# Job interview with potential Excel test



## AugustusHaynes (Nov 5, 2013)

Hi, 

First post here so hopefully this hasn't been covered before 

I've got a job interview next week which will involve an excel test. It's a finance role and from a bit of digging I think the test will consist of the follow:-

A list of invoices with columns for - code, customer, product type, product name, colour, net, tax, gross.

The questions will involve things like:-

How many products are the colour blue and cost under £500?
What is the total value for customer X's invoices between Jan and September?
How many invoices are under £50?
What is the most popular product in the month of May?

You get the idea...


Anyway, I'm sure some of you guys have had similar test. Just looking for some general pointers. Things I can look up prior to next week. 

Probably worth noting that it's fine to take notes into the interview and I'll be left on my own to do the test - will take 5/10 minutes. In theory I can prepare some bullet points/reminders to try and ensure I don't freeze during the excel test.
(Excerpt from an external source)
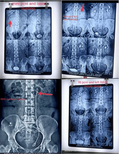 RIRS (retro grade intrarenal surgery) and mini PCNL are being performed regular basis at our Sacred Heart Hospital, Maqsudan, Jalandhar. Currently we are using Holmium laser for the stone fragmentation and dusting. Here are few of the kidney stones done recently with mini PCNL and RIRS laser lithotripsy with complete stone free rates.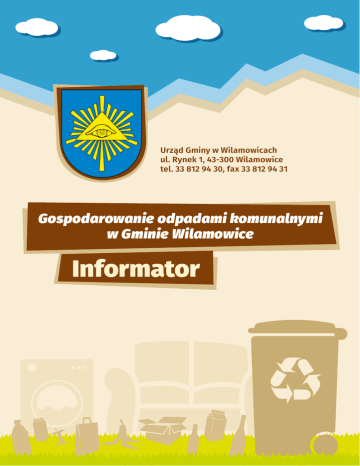 Urząd Gminy w Wilamowicach ul. Rynek 1, 43-300 Wilamowice tel. 33 812 94 30, fax 33 812 94 31 Gospodarowanie odpadami komunalnymi w Gminie Wilamowice Informator Spis treści 1. Rodzaje odpadów odbieranych przez przedsiębiorcę od 1 kwietnia 2016 roku . . . . . . . . . . . . . . 4 2. Wymagania dla pojemników . . . . . . . . . . . . . . . . . . . . . . . . . . . . . . . . . . . . . . . . . 12 3. Zasady odbioru odpadów . . . . . . . . . . . . . . . . . . . . . . . . . . . . . . . . . . . . . . . . . . . 13 4. Rodzaje odpadów przyjmowanych w Punkcie Selektywnej Zbiórki Odpadów Komunalnych (PSZOK) od 1 kwietnia 2016 roku . . . . . . . . . . . . . . . 14 5. Zasady przyjmowania odpadów w Punkcie Selektywnej Zbiórki Odpadów Komunalnych (PSZOK) . . . . . . . . . . . . . . . . . . . . . . . . . . . . . . . . . . . . . 16 6. Terminy uiszczania opłat . . . . . . . . . . . . . . . . . . . . . . . . . . . . . . . . . . . . . . . . . . . . 18 Szanowni mieszkańcy Od 1 kwietnia 2016 r. obowiązywać będą zmiany w odbiorze odpadów komunalnych od właścicieli nieruchomości oraz w przyjmowaniu odpadów przez Punkt Selektywnej Zbiórki Odpadów Komunalnych (PSZOK). Zmodyfikowana częstotliwość odbioru odpadów komunalnych oraz rozszerzony zakres funkcjonowania PSZOK zostały dostosowane do potrzeb i oczekiwań mieszkańców. W niniejszym biuletynie zaktualizowano wszystkie informacje na temat zasad segregacji odpadów i ich odbioru oraz podkreślono wytyczne jakimi należy się kierować przy zakupie pojemnika. Szczególną uwagę zwrócono na sposób klasyfikacji poszczególnych rodzajów odpadów do danej grupy, w tym jakiego rodzaju odpady należy zaliczać do grupy odpadów wielkogabarytowych czy remontowo-budowlanych. Biuletyn zawiera również informację na temat nowych terminów płatności za gospodarowanie odpadami komunalnymi. Rodzaje odpadów odbieranych przez przedsiębiorcę od 1 kwietnia 2016 roku: Niesegregowane (zmieszane) odpady komunalne Popiół Tworzywa sztuczne, metale, opakowania wielomateriałowe Szkło Papier Zużyty sprzęt elektryczny i elektroniczny Wielkogabaryty Uwaga: Od 1 kwietnia 2016 roku odpady zielone będą przyjmowane w Punkcie Selektywnego Zbierania odpadów Komunalnych (PSZOK) – szczegółowe informacje w rozdziale dot. PSZOK. 4 Niesegregowane (zmieszane) odpady komunalne (należy gromadzić w pojemniku) Wrzucamy odpady nienadające się do odzysku lub recyklingu Nie wrzucamy odpadów zielonych odpadów budowlanych, remontowych odpadów podlegających segregacji Częstotliwość odbioru w zabudowie jednorodzinnej – RAZ NA DWA TYGODNIE z bloku przy ul. Jana III Sobieskiego w Wilamowicach – RAZ NA TYDZIEŃ OD IV DO X, – RAZ NA DWA TYGODNIE OD XI DO III Zmieszane 5 Popiół (należy gromadzić w pojemniku) Wrzucamy Nie wrzucamy suchą pozostałość, składającą się z substancji mineralnych, powstałą po spaleniu paliwa stałego w domowym palenisku popiołu mokrego (zalanego wodą) zbieramy luzem, czysty, bez zanieczyszczeń Częstotliwość odbioru DWA RAZY W MIESIĄCU – OD X DO IV RAZ W MIESIĄCU – OD V DO IX Popiół 6 Tworzywa sztuczne, metale, opakowania wielomateriałowe (należy gromadzić w żółtym worku) Wrzucamy puste, odkręcone butelki plastikowe po napojach (np. typu PET) puste opakowania po kosmetykach, chemii gospodarczej i środkach czystości plastikowe opakowania po żywności (np. po jogurtach, serkach, kefirach, margarynach) folie, worki, reklamówki, torebki z tworzyw sztucznych (PP, HDPE, LDPE) kartony po sokach, napojach, mleku (TetraPak) puszki po napojach, konserwach drobny złom żelazny oraz drobny złom metali kolorowych Nie wrzucamy butelek i pojemników z zawartością opakowań po aerozolach opakowań po olejach i smarach, płynach chłodniczych puszek po farbach i lakierach styropianu, tworzyw piankowych, zabawek, sprzętu RTV I AGD Pamiętaj: Zgniataj butelki typu PET Częstotliwość odbioru RAZ W MIESIĄCU Tworzywa i metale 7 Szkło (należy gromadzić w zielonym worku) Wrzucamy Nie wrzucamy butelki i słoiki szklane po napojach i żywności (bez nakrętek, zacisków, gumowych uszczelek) żarówek, świetlówek butelki po napojach alkoholowych szkła zbrojonego, żaroodpornego inne opakowania szklane luster, szyb samochodowych ceramiki, porcelany fajansu, luster zniczy Pamiętaj: Nie tłucz Częstotliwość odbioru RAZ W MIESIĄCU Szkło 8 Papier (należy gromadzić w niebieskim worku) Wrzucamy gazety, książki, katalogi, zeszyty papierowe torby i worki papier szkolny i biurowy kartony i tekturę oraz zrobione z nich opakowania Nie wrzucamy kartonów po sokach, napojach, mleku tłustego, zabrudzonego papieru (np. po maśle, margarynie) tapet odpadów higienicznych (np. pieluch, wacików) Pamiętaj: Usuń wszystkie elementy metalowe i zgniataj Częstotliwość odbioru RAZ W MIESIĄCU Papier 9 Zużyty sprzęt elektryczny i elektroniczny (należy wystawić luzem w dniu odbioru) Zaliczamy Nie zaliczamy urządzenia zasilane prądem lub bateriami, z których już nie korzystamy, chcemy się ich pozbyć lub zastąpić nowymi odpady wielkogabarytowe lodówki, zamrażarki, pralki miksery, tostery, noże elektryczne odkurzacze, żelazka, suszarki, golarki komputery, drukarki, laptopy, kopiarki, kalkulatory, aparaty telefoniczne telewizory, radioodbiorniki, kamery, sprzęt hi-fi, wzmacniacze narzędzia elektryczne i elektroniczne do obróbki drewna i metalu klimatyzatory, wentylatory itp. AGD 10 Częstotliwość odbioru RAZ W ROKU Odpady wielkogabarytowe (należy wystawić luzem w dniu odbioru) Zaliczamy odpady dużych rozmiarów stoły, krzesła, fotele, sofy, tapczany, łóżka, materace, szafy, dywany, chodniki, wykładziny, karnisze, rowery, wózki dziecięce, zabawki dużych rozmiarów, itp. Nie zaliczamy zużyty sprzęt elektryczny i elektroniczny okna, drzwi, parapety, kaloryfery umywalki, wanny, miski ustępowe, brodziki, kabiny sanitarne odpady powstałe w wyniku prac remontowych, budowlanych czy rozb

Also I've found this video which I'll check out this evening - Excel 2003: How to score well on an excel assessment test - YouTube

It doesn't quite cover everything I've mentioned but should be a good starting point.


Thanks very much


----------



## BrianMH (Nov 5, 2013)

I would brush up on countif, sumproduct, offset, index and match.  Maybe Min, Max and rank also. I would also look at pivot tables.  My last Excel test incorporated all of these.


----------